Chi-square post hoc?

#1
Hello
I have been researching various options to interpret output for a 3 x 2 chi-square, as although I can confidently determine that my chi-square test is significant, I am not sure what the best approach to determine which particular cell is significantly contributing to the significance. I've investigated using adjusted residuals and column proportions (z-test). I've also read about another approach whereby you square the residual, then compute an individual p value for each cell. I'm not sure which would be most appropriate or if my interpretation of these procedures is correct.

I'll try to use an example to explain my current understanding (or lack of!). I have surveyed over 2000 girls about the feelings they experienced when they went through puberty. This included a list of feelings (e.g. happy, sad, relieved, embarrassed, normal etc) and they could answer yes/no to these questions. I am interested in whether the feelings reported (e.g. % that reported feeling happy) differ by school type (single sex, mixed, single sex with boys at college only). I've provided the output of the chi square test for the feeling 'happy' by school type

Felt Happy * School Type Crosstabulation

Boys in college only Mixed Single sex Total

Count 114 a,b 105 a 112 b 331
Expected Count 114 85 132 331
% felt happy 34.4% 31.7% 33.8% 100.0%
Yes % in School Type 15.9% 19.6% 13.5% 15.9%
% of Total 5.5% 5.0% 5.4% 15.9%
Adjusted Residual .0 2.7 -2.5

Count 602 a,b 430 a 718 b 1750
Expected Count 602 449 698 1750
% felt happy 34.4% 24.6% 41.0% 100.0%
No % in School Type 84.1% 80.4% 86.5% 84.1%
% of Total 28.9% 20.7% 34.5% 84.1%
Adjusted Residual .0 -2.7 2.5

Count 716 535 830 2081
Expected Count 716 535 830 2081
% felt happy 34.4% 25.7% 39.9% 100.0%
Total % in School Type 100.0% 100.0% 100.0% 100.0%
% of Total 34.4% 25.7% 39.9% 100.0%


X2 = 9.146, p = 0.010

My interpretation of the above is that there is a significant association between the feeling 'happy' and school type (X2 = 9.146, p < 0.05). Based on the adjusted residuals it looks like a significantly higher proportion of girls from mixed schools reported being happy (19.6%) and significantly less girls from single sex schools reported being happy (13.5%). Would I say that this is significantly more/less than expected by chance? Or does this mean significantly more/less than all the other groups, or from the overall group average of 15.9%. (I think it is than expected by chance yes?)

When looking at the z test for column proportions the 'boys in college only' school type had both an 'a' and 'b' assigned to it, therefore I assumed that there is not a difference between this school type and each of the other school types. However, because the 'mixed' school has an 'a', and the 'single sex' school has a 'b' (i.e. different subscript letters assigned to them) that these do differ from each other. Is this right? Does this mean that there are sig less girls reporting feeling happy in single sex schools compared to mixed schools, but not compared with boys in college school? Because then I feel like this interpretation is a little different from when using the residuals. i.e. when using the residuals I'm saying its just sig less/more than expected by change, but when using z test I'm saying the difference is between the single and mixed school only?

I hope I have explained things ok and that you understand my queries. I have tried to read around the area and watched various video tutorials on youtube etc however almost all things I have read/seen use a 2x2 example and don't go any further.

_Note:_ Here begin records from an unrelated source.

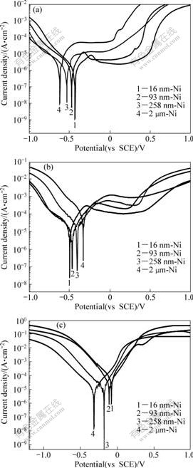 Fig.3 Potentiodynamic polarization curves of Ni deposits in 10% NaOH (a), 3% NaCl (b) and 1% H2SO4 solution (c)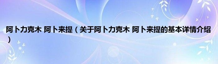 本文关于阿卜力克木 阿卜来提的基本详情介绍就讲解完毕,希望对大家有所帮助。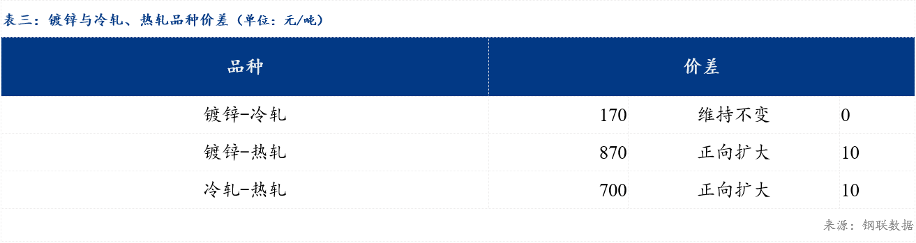 今日冷轧板卷乐从与天津价差较上一交易日扩大20元/吨,乐从与上海价差较上一交易日收窄10元/吨;镀锌板卷乐从与天津价差较上一交易日扩大20元/吨,与上海价差较上一交易日扩大20元/吨。品种价差方面,镀冷价差较上一交易日持平,镀热价差较上一交易日扩大10元/吨,冷热价差较上一交易日扩大10元/吨。
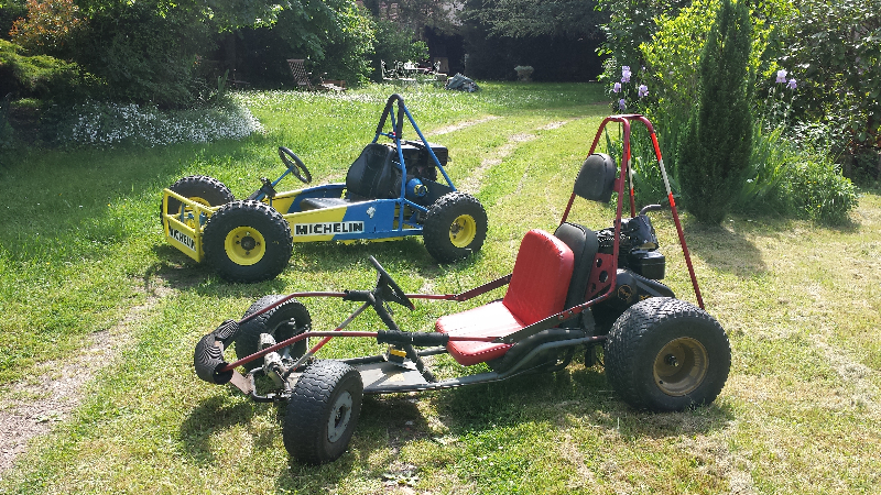 j'ai aussi un petit kart tout terrain ,c'est un jouet,160cc 4temps a soupapes laterale ,un moteur de motoculteur dévéloppant a peine 5,5 chevaux mais il est tout de meme sympathique a l'utilisation :D
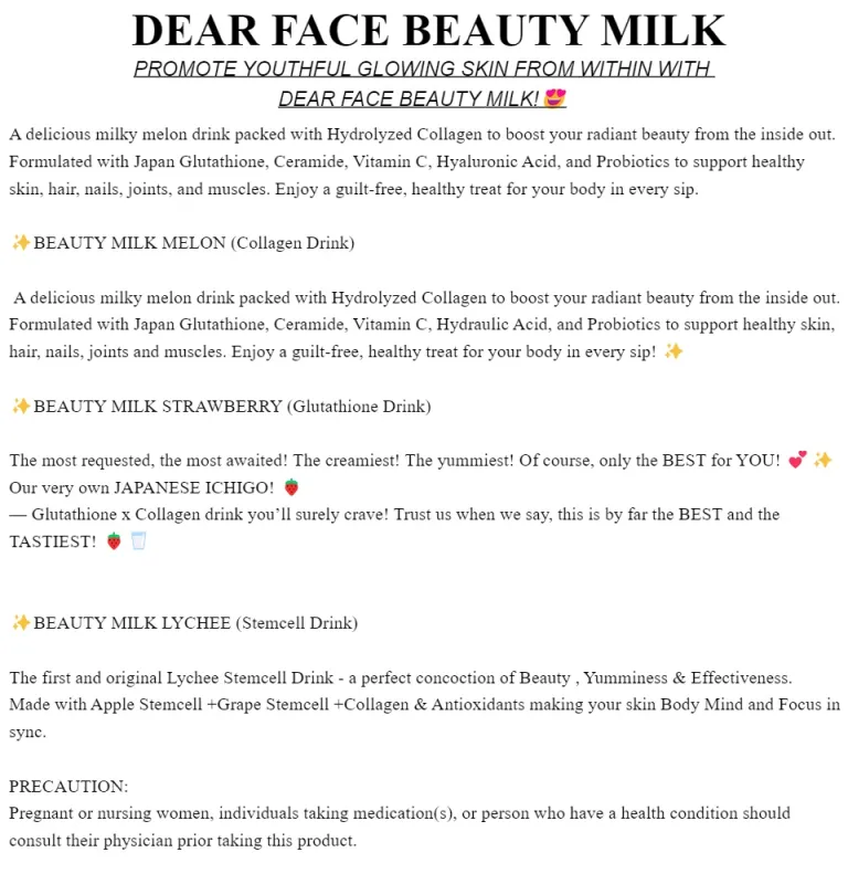 PROMOTE YOUTHFUL GLOWING SKIN FROM WITHIN WITH DEAR FACE BEAUTY MILK! An all in one beautifying, anti aging, brightening collagen / glutathione drink powder that is made from premium ingredients straight from your favorite beauty and skin expert countries, Japan and Korea! FLAVORS: STRAWBERRY (Glutathione Drink)The most requested, the most awaited! The creamiest! The yummiest! Of course, only the BEST for YOU! Anti-aging Brightening Slimming Anti-Oxidant Controls Appetite Whitening Strengthens/Improves skin, hair, nails, cartilages, tendons, musclesUses SteviaPromotes Skin ElasticityImproves sleepSee visible results as early as 30daysSafe for kids 13years old and above Best substitute to Soda Drink Made with fine powder, easily dissolved even in cold water Can be served in cool or hot preparation Collagen is hydrolyzed, easily absorbed by the body 50,000mg of Japan Collagen Packed in a super secured packagingHOW TO PREPARE:In a glass of cold or hot water, mix 1 sachet and stir thoroughly. Take once a day for 1 month straight for best results.️ No Lactose️ No Gluten️ No Artificial FlavorsPRECAUTION:Pregnant or nursing women, individuals taking medication(s), or person who have a health condition should consult their physician prior taking this product.IMPORTANT REMINDER:This dietary supplement is not a medical drug. It is not intended to treat any symptoms of any disease.STORAGE:Keep in cool, dry place away from heat and direct sunlight.
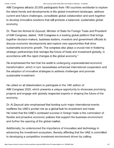 4/10/25, 4:42 PM AIM Congress 2025 Kicks Off In Abu Dhabi On Monday - UrduPoint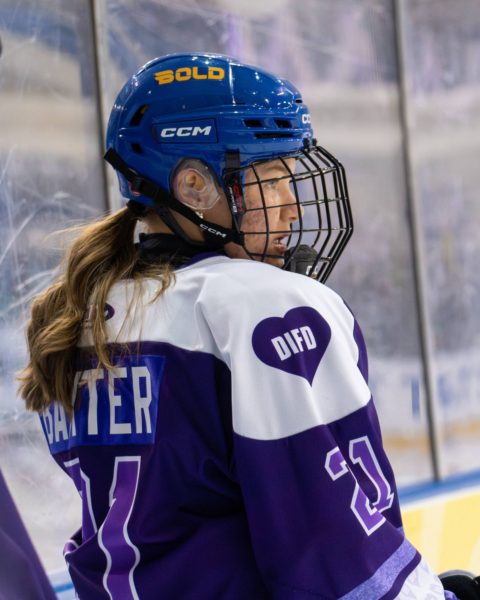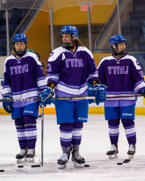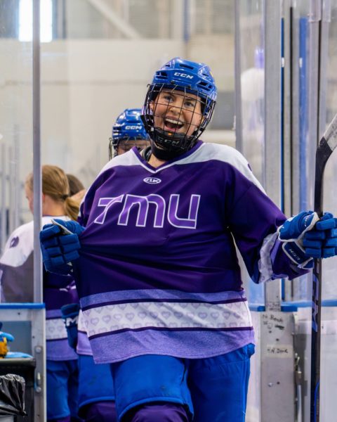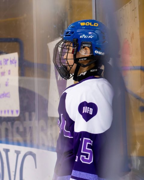 In their purple-themed outfits, the Toronto Metropolitan University (TMU) Bold women’s hockey team arrived early at the Mattamy Athletic Centre (MAC) on Feb. 1 to set up the rink for their Do it For Daron (DIFD) fundraising game. They hung purple and white ribbons on the glass along with a sign that read, “Asking for help is not a sign of weakness.”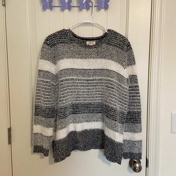 NWOT | Style & Co women’s black white & gray soft fuzzy striped sweater — medium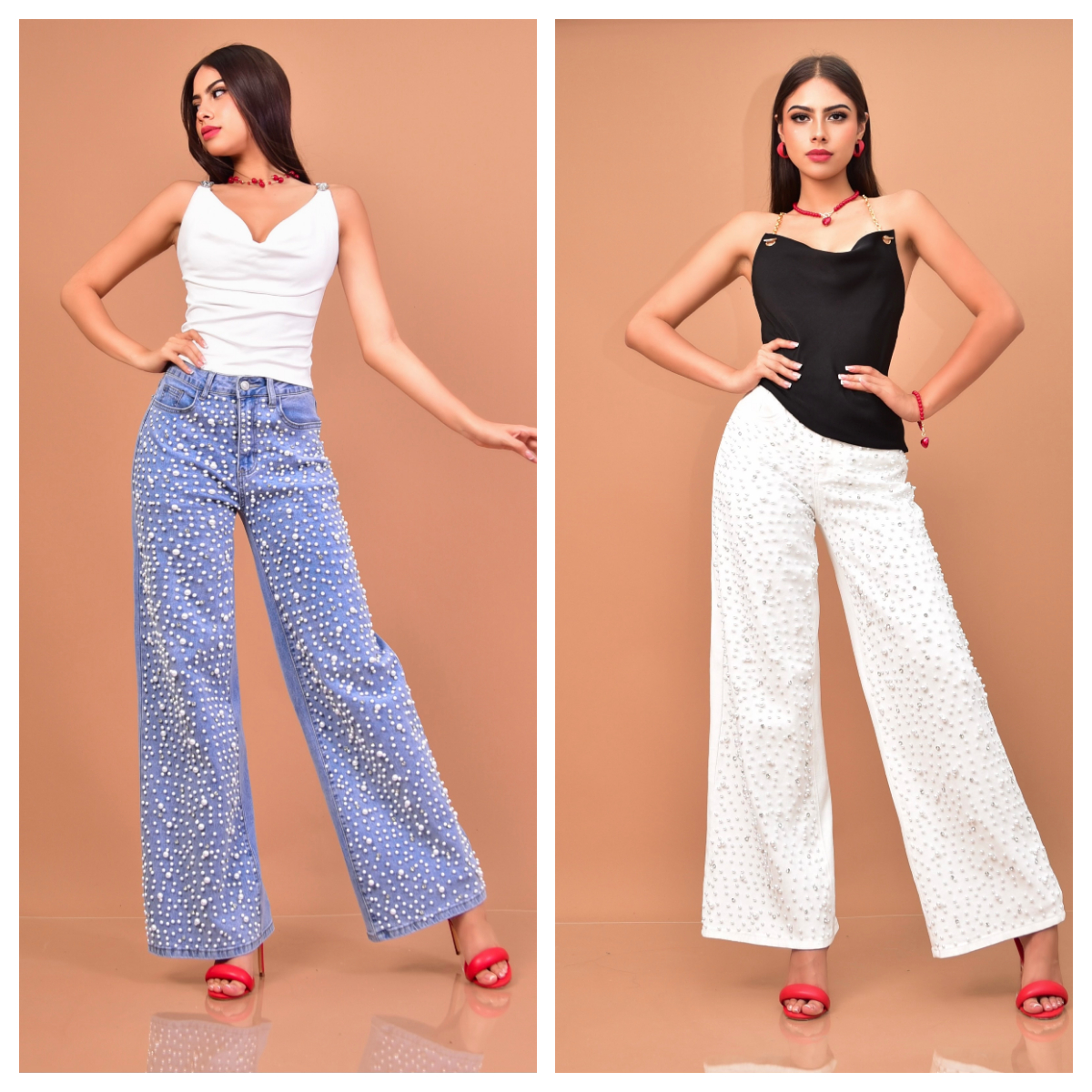 Jeans corte wide leg (pierna ancha) con aplicaciones de perlas en diferentes tamaños y pedrería que le dan un efecto moderno y glam. Confeccionados en mezclilla stretch de excelente calidad. Tiro alto y bolsillos frontales y traseros.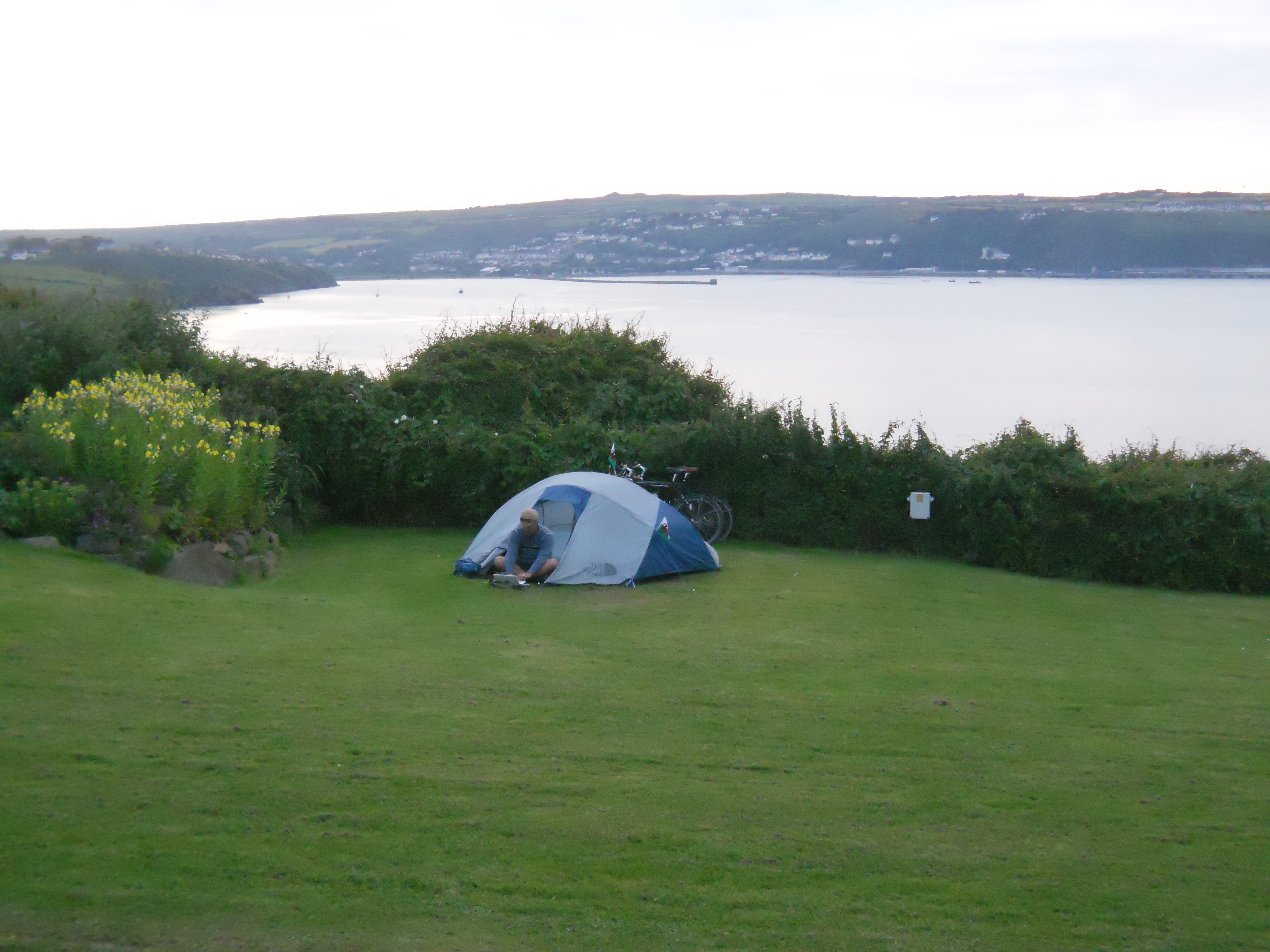 The caravan camping site or Glamping site at Fishguard (Fishguard Bay) was quite beautiful high above the bay. They have dedicated camp sites with full hook ups available- all the amenities – I mean all including a fish and chip truck that showed up on saturday and wednesday evening- a TV lounge, pool table, full service store. This is Glamping.

If anyone can offer any advice it would be much appreciated.

Thanks in advance.
 
#2
Hi,
Does anyone have any advice to give? I really have tried to find the answer to this problem myself but would really appreciate some guidance.
Thanks in advance.
 

rogojel

TS Contributor
#3
hi,
I did not really understand the structure of your table, the ones I used with Minitab had 3 elements in each cell - observed number in the cell, expected number based on the null hypothesis, chi-squared value. The p value for the table is calculated by aggegating the chi-squared numbers from the cells IIRC.
If the overall result is significant, imho you can check the cells that have the largest chi-squared numbers - they are the most probable contributors to the effect.

regards
 
#4
rogojel thankyou for your response. I am grateful that someone took the time to respond.
I have not used minitab myself (I used SPSS) but my table shows the observed count, expected count, and a standardised adjusted residual. I haven't been able to obtain a chi-square value for each cell that you refer to, I only have the overall chi-square which tells me if the test is significant. Do you have any idea how I can view/obtain the chi square for each individual cell? Thankyou in advance.
 

gianmarco

TS Contributor
#5
You have to focus on the standardized adj residuals: they tell you which cell is significantly contributing to the rejection of the Null Hypothesis of independence between rows and columns.
Values larger than 1.96 are significant at 0.05. Their sign (positive or negative) tells you if a particular cell has an observed value larger or smaller than the expected value.
In summary: the analysis of the adj stnd residuals helps you in spotting which row category(ies) is significantly strongly or weakly "associated" to which column category(ies).